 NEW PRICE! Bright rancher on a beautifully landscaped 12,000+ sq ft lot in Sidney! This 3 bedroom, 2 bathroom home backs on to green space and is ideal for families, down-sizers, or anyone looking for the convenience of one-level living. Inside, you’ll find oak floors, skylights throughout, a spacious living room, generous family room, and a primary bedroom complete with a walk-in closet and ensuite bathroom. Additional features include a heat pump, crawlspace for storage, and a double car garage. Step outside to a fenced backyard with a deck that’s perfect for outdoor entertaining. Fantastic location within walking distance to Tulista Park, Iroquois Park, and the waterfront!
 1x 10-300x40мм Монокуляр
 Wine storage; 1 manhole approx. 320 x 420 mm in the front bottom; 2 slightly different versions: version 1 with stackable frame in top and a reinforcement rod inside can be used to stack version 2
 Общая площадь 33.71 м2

==

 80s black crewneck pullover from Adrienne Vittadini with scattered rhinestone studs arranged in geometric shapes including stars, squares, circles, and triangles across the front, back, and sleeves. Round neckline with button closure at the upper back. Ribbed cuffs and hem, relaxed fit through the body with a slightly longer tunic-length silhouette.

**YOUR OBJECTIVE:**
Take the entries above and return only the lines from the one with "1x 10-300x40мм Монокуляр" to the one with "Общая площадь 33.71 м2", both included, unchanged.

**ANSWER FOR THE TASK:**
 1x 10-300x40мм Монокуляр
 Wine storage; 1 manhole approx. 320 x 420 mm in the front bottom; 2 slightly different versions: version 1 with stackable frame in top and a reinforcement rod inside can be used to stack version 2
 Общая площадь 33.71 м2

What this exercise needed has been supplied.